Tomasz Prusek, publicysta ekonomiczny, prezes zarządu Fundacji Przyjazny Kraj

Tomasz Prusek, publicysta ekonomiczny, prezes zarządu Fundacji Przyjazny Kraj

Foto: materiały prasowe

Celem Ministerstwa Aktywów Państwowych dla rynku kapitałowego powinno być podniesienie zdołowanej wyceny wielu spółek giełdowych, których współwłaścicielami są rzesze drobnych inwestorów-wyborców, a także przywrócenie w nich naruszanych przez lata standardów corporate governance.

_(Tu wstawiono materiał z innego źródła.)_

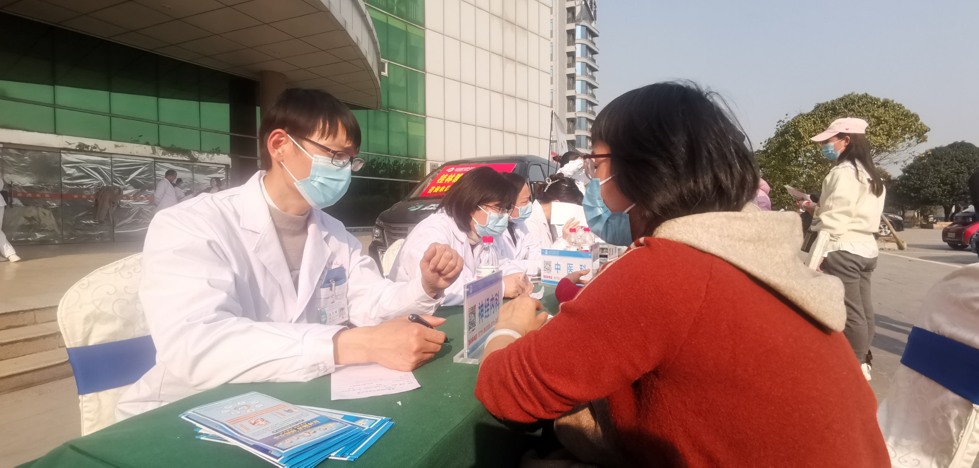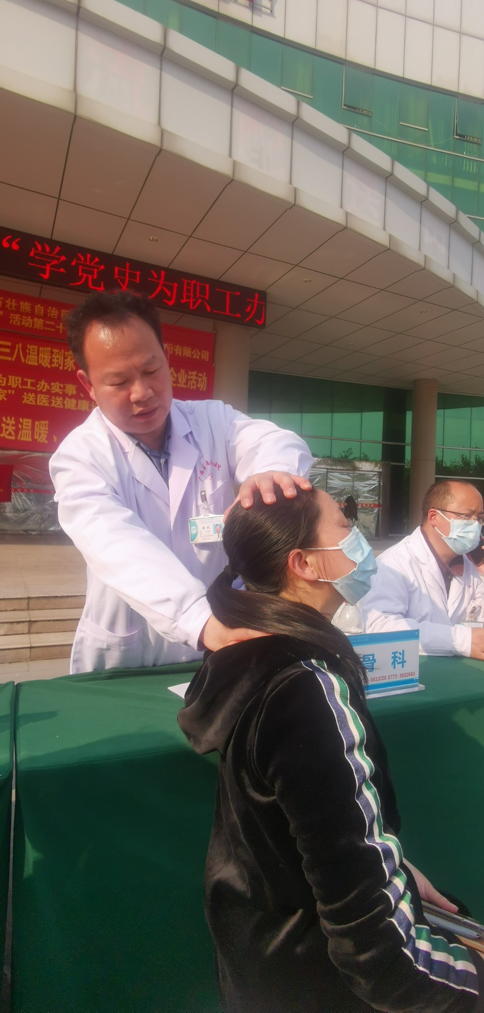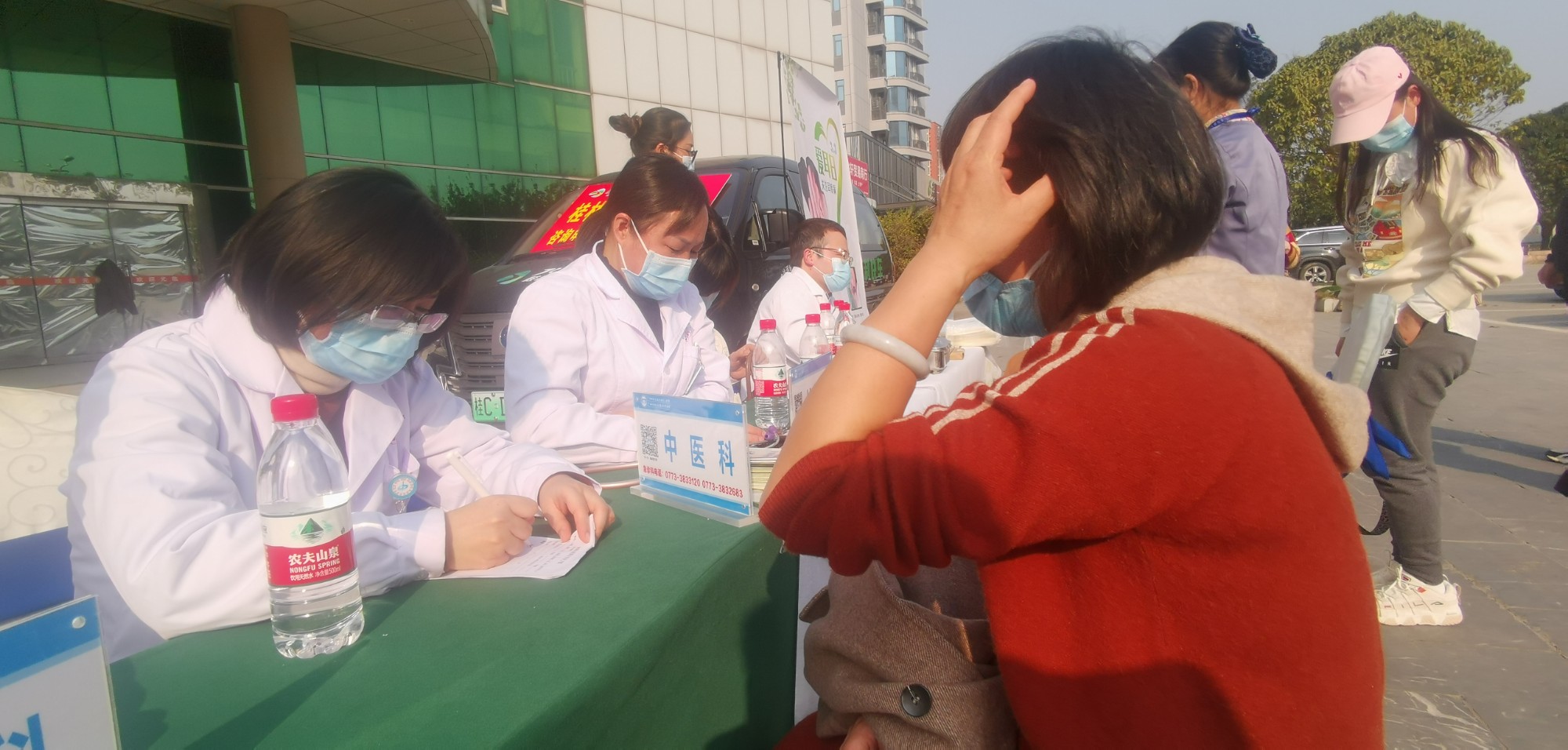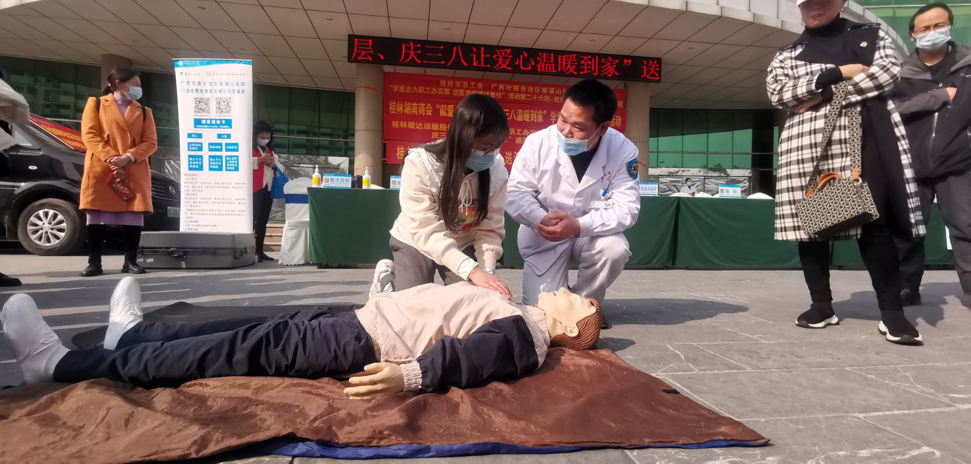 当天下午三点,送健康活动在桂林汽车北站前广场举行,简短的启动仪式后,首先由来自南溪山医院急诊科的医护人员对桂林骏达运输股份有限公司的职工进行徒手心肺复苏操作的讲解和培训,三名医护人员通过模型,边讲解、边操作,使大家很快就掌握了一些基本要领,培训结束,不少职工马上要求自己动手操练,现场气氛十分活跃。随后,来自医院风湿免疫科、关节外科与运动医学科、心脏大血管外科、血管外科、急诊科、中医科、眼科、儿科、泌尿外科、耳鼻喉科等科室的专家、医护人员各就各位,开始为桂林骏达运输股份有限公司的职工和来往的群众进行义诊。咨询、检查、诊断、治疗,医护人员头顶骄阳忙个不停,他们耐心解答大家提出种种健康问题,并现场接诊。对一些职工检查出的疾病隐患,及时给予治疗建议和方案。到场的职工中不少是女性,她们对自身健康很重视,不少人是看了一个专家又看另一个,直到得到满意结果。

Bez tego nie ma mowy o odbudowie zaufania tak podkreślanego w strategii rozwoju rynku kapitałowego.

Nazwanie resortu zajmującego się zarządem spółkami Ministerstwem Aktywów Państwowych mogło zrodzić się w głowach wyłącznie ludzi z otoczenia premiera o bankowej przeszłości i z jego zapewne entuzjastyczną akceptacją. Pojęcie „aktywa" jest bowiem kompletnie obce w powszechnym odbiorze, bo to mowa rodem z finansowych korytarzy białych kołnierzyków, która nie sprzyja zrozumieniu jego zadań i działań wśród społeczeństwa. Ale pal licho nazwę. O wiele ważniejsze jest to, co resort „aktywów" może poprawić w zarządzie majątkiem państwowym, który w poprzednich latach kulał, a czasem wręcz wołał o pomstę do nieba, jak w wypadku spółek energetycznych.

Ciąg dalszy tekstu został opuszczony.